Support for LAist comes from
I would have given this restaurant 5 stars, but I am annoyed by the 3% Employee Health Care charge. This is going to eventually nip the owner in the rear. People will get sick of this really quick; especially considering that there are MANY more better places to eat in LA besides this place. It is not MY responsibility to take care of YOUR employee's healthcare. That is YOUR job. That's what tips are for. I work in a restaurant, and do not feel the customer should be responsible for that. So ridiculous.

A manager at the restaurant responded. She wrote that they would gladly refund the surcharge the customer paid and take it off of the customer's future visit if he was still upset after hearing her out about why they were doing it. She also explained that it was laid out on their menu and servers were instructed to also tell patrons about the charge, and that customers could adjust their gratuity based on that surcharge. For example, if they were planning on leaving a 20% tip, they could just do a 17% tip instead to make up for the difference.

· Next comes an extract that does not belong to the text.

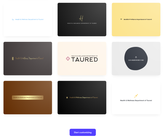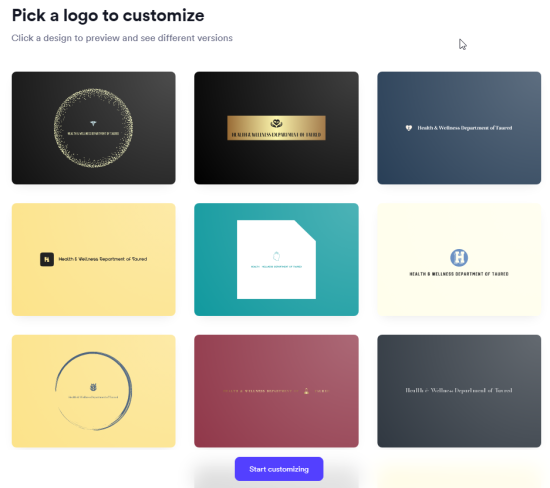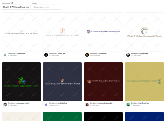 Looka resulted in the following logos when generating logos for our fictional health department for the country of Taured.

There was also some controversy surrounding the San Francisco health care surcharges, though, when the San Francisco City Attorney discovered that some restaurant owners just pocketed the money collected from the surcharges. Some of the restaurants had to pay for their wrongdoings and all had to agree to comply with the law in the future.

One Los Angeles patron told CBS Los Angeles that he didn't mind the charge as long as the restaurants were up front about it, and another patron said she thought they were doing a good thing for their employees.

What's most bizarre is that a rep from Son of a Gun and Animal told CBS Los Angeles that they don't have the 3% surcharge on their checks, but they were included in the lawsuit because they reportedly encouraged the other restaurants to do it.